While some define the term Boffin to be the British version of Geek or Nerd, a Boffin is so much more. A Boffin is not only someone who is smart or highly educated in a technical sense, but a Boffin is usually thought of as someone who is skilled in and pursuing very archane and difficult to explain scientific endeavors. Think rocket science or even beyond. Perhaps someone who is working on creating a renewable energy source from some previously untapped interaction between sodium chloride and orange peels. Or somebody involved in advanced robotics. The patron saint of Boffins would have to be Q from the James Bond films or his successor, played by John Cleese.

Some say the term Boffin was coined when World War II British scientists working on radar, code breaking and advanced rocketry would take their lunches (allegedly) at a Pub called Boffins. In any case, Wikipedia, I think mistakenly, says that the term is somewhat derogatory. I beg to differ. Whereas we might call someone a Nerd and mean it as an insult, I’ve found that the British tend to think of their Boffins affectionately. It’s not uncommon to see the word used, even in such an august publication as the Times of London in a headline such as: “Boffins Find New Gene Splicing Technique, Will Cure Most Cancers”.

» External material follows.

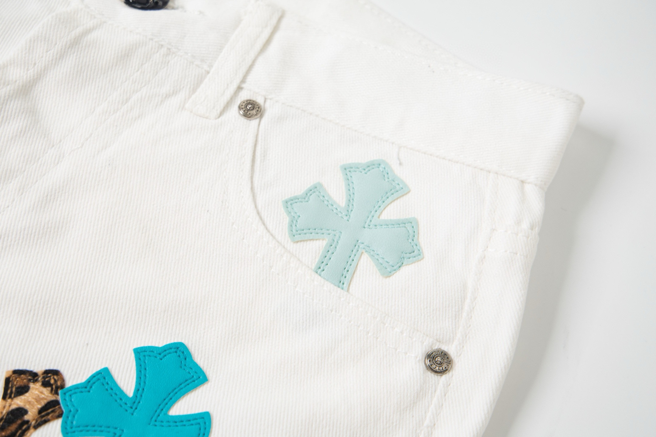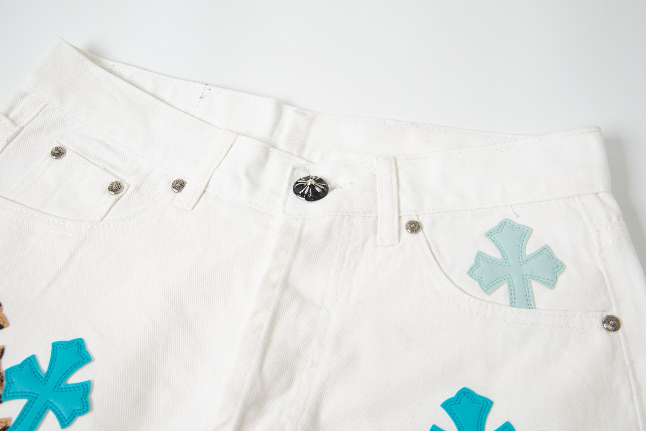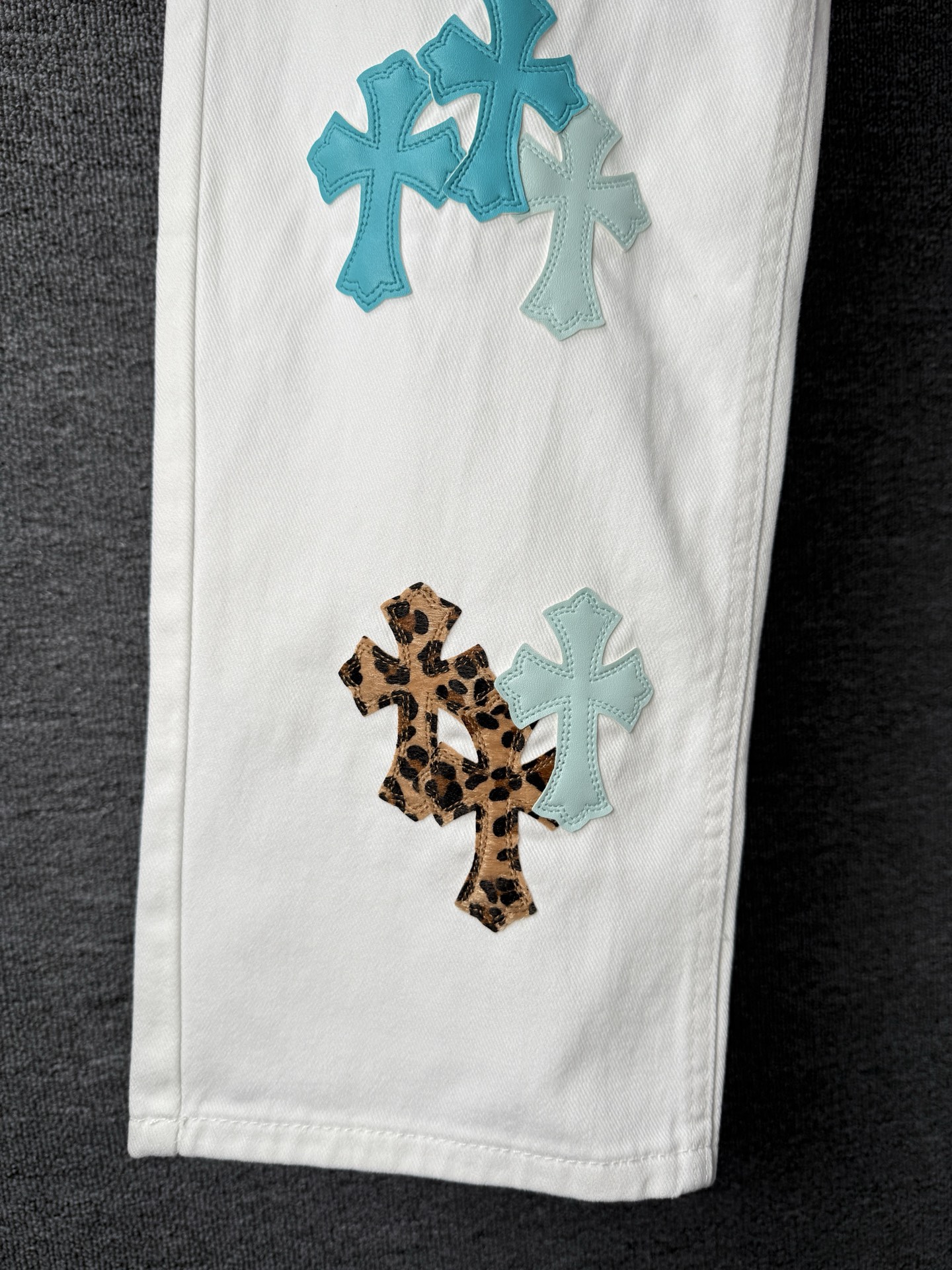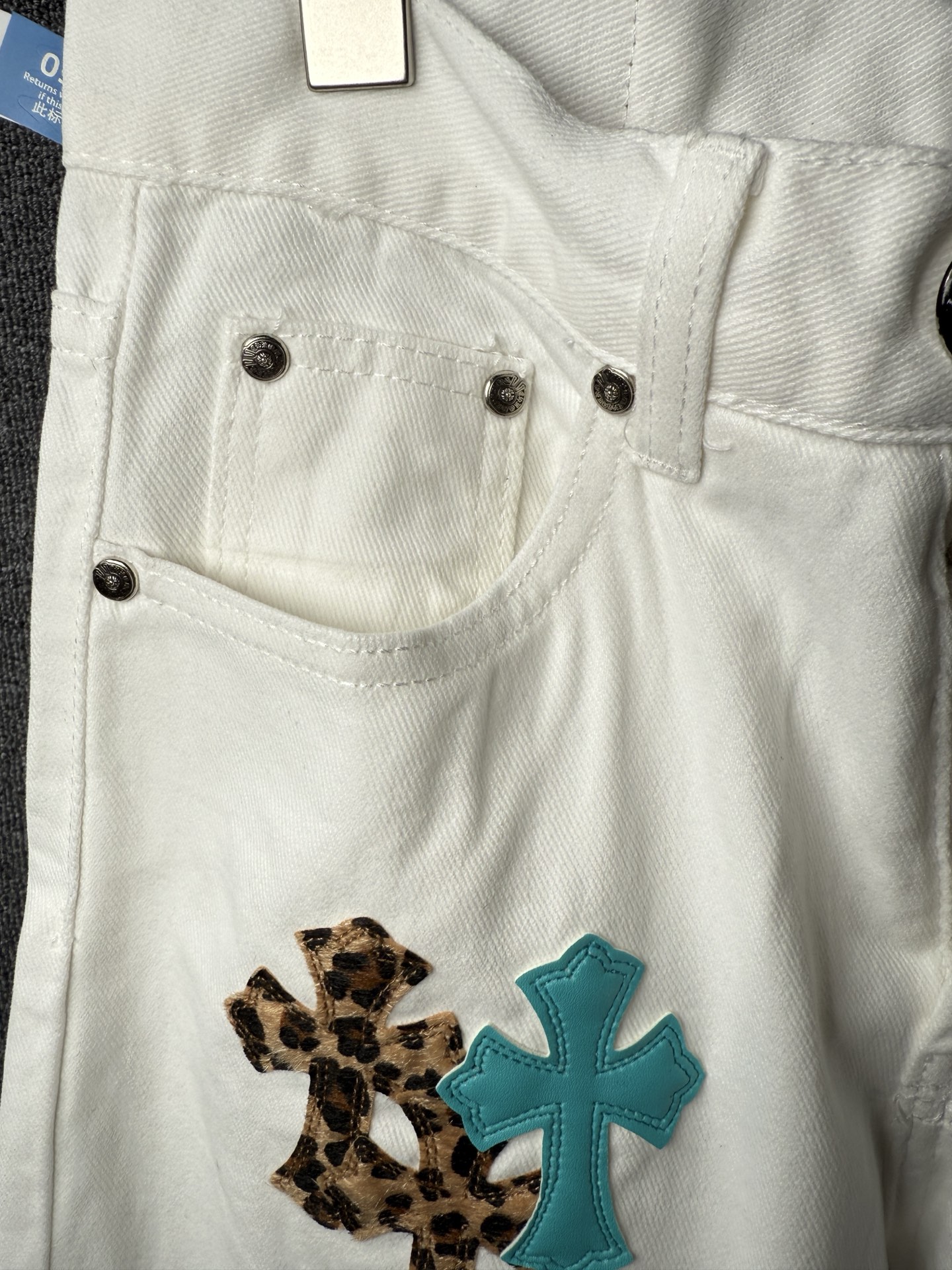 这款衣服是AAAAA 1:1 质量 (非常棒). 使用了和原版一模一样的材料. 商标部分也保持了和克罗心/Chrome Hearts一样. 图片拍摄是实物衣服拍摄, 您所收到的实物保证和我们图片一模一样.

In recent years — and I’m not naming names — certain forces have conspired to look down on learning and academic accomplishment. So I was pleased to see President Obama welcome a group of what could only be called Junior Boffins to the White House. These kids, winners of various National Science Fairs, were brought to Washington because Obama said we need to celebrate achievements of the mind and kids like this who are our future. He added that it’s especially important to make a big deal out of achievements in the hard sciences since these “winners” don’t get the sort of accolades sports stars get:

“If you win the NCAA championship, you come to the White House. Well, if you’re a young person and you produce the best experiment or design, the best hardware or software, you ought to be recognized for that achievement, too…You know, when you win first place at a science fair, nobody’s rushing the field or dumping Gatorade over your head.”

Right on, Mr. O. We need to pay attention to the care and feeding of our Boffins. You never know where and when you’ll need them.

Andy in full "Wine Boffin" mode. A boffin is a British term for an egghead or sciencey type. In this case, it means someone who does experiments in a lab while Cousin John and I do the grunt work.

For instance: in winemaking. I think I tend to emphasize the farming and the brute force and ignorance part of the equation. Maybe because that’s the part I’m most involved with. Next to all that heavy lifting, perhaps  5 or 10% of winemaking is science — but it’s that part that makes the magic. So I’m grateful that we have our own Boffin. Call him Mr. Wine Science, Dr. FrankenWine or The Wine Boffin. But he’s the guy who directs all the acidity, sugar, pH, specific gravity and other assorted testings we have to do on a frequent basis during the process. And he’s the guy who assesses the harvested grapes and works out the magic formulation of added yeast, acids and processing that will make them into fine wine.

So let’s hear it for Boffins. We’re glad we have one at Two Terrier Vineyards. We appreciate him even when he wanders off muttering mathematical and chemical equations to himself when there are two tons of grapes sitting on the crush pad and Cousin John and I are heaving them as fast as we can into the crusher just ahead of a rainstorm.

Would it be too much to ask to have a Boffin who also did heavy lifting? Guess not. It’s really the Boffins’ world and we just live in it.